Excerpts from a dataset

****

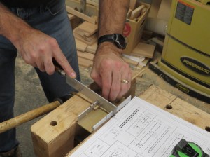 Then I used a tiny miter box and razor saw to cut the dowels to length.
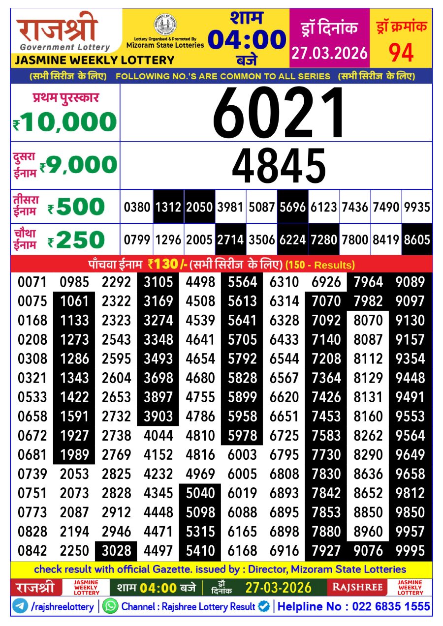Rajshree Lottery Result Today 4 PM – 27 March 2026 – Live Draw & Winners March 27, 2026 Related Results Rajshree Lottery Result Today 4 PM – 20 October 2025 – Live Draw & Winners Labh Laxmi Lottery Result Today 4 PM – 5 June 2025 – Live Draw & Winners LabhLaxmi Lottery Result Today 4 PM – 29 January 2026 – Live Draw & Winners Rajshree Lottery Result Today 4 PM – 13 December 2025 – Live Draw & Winners
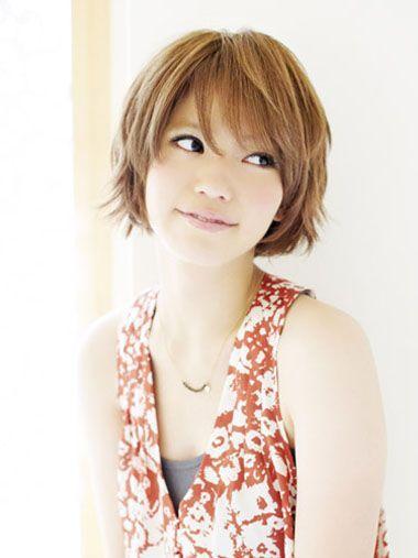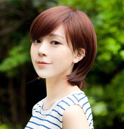 韩式的女生刘海波波头发型,用亚麻色渲染出时尚气息,大片整齐刘海修衬出精致小巧的脸型,整洁的碎短发设计给女生带来干净整洁的形象。
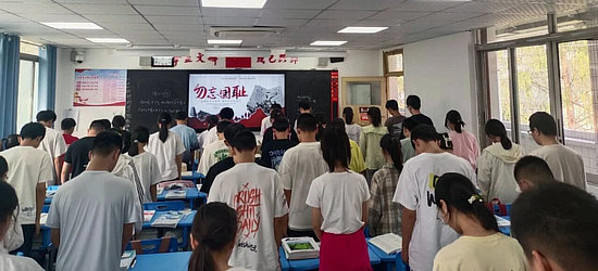廣播聲中,深沉有力的話語向全校師生詳細闡述了“九一八”事變的背景、經(jīng)過和影響。在以“銘記歷史 勿忘國恥”為主題的班會上,班主任用圖片、視頻等形式講述了“九一八”事變的慘烈場景和救亡圖存的英雄事跡。沉重的警報聲響起,師生肅立默哀,深切緬懷在“九一八”事變中遇難的同胞和英勇犧牲的先烈。
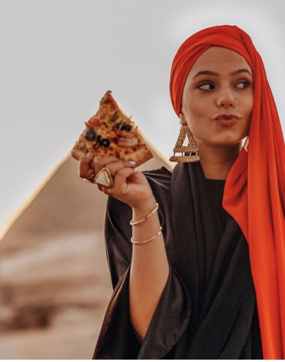 وتعتمد مع هذه اللفات اكسسوارات من أقراط الأذن أنيقة ومميزة، مع الأسلوب العصري للفات حجاب التوربان.
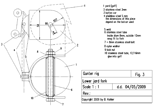 We have taken it a bit further and use a system in which the gaff slides complete up or down the mast, with a provision to unhook the gaff on the upper slider, so it can be turned back. This is necessary for sail setting and adding the battens. The gaff is set with one halyard only.

****

- AIM OF THE EXERCISE
Precisely the lines from the one containing "وتعتمد مع هذه" to the end of the data above, both included, should be printed; leave the pictures out.

- OUTPUT BELOW
 وتعتمد مع هذه اللفات اكسسوارات من أقراط الأذن أنيقة ومميزة، مع الأسلوب العصري للفات حجاب التوربان.
 We have taken it a bit further and use a system in which the gaff slides complete up or down the mast, with a provision to unhook the gaff on the upper slider, so it can be turned back. This is necessary for sail setting and adding the battens. The gaff is set with one halyard only.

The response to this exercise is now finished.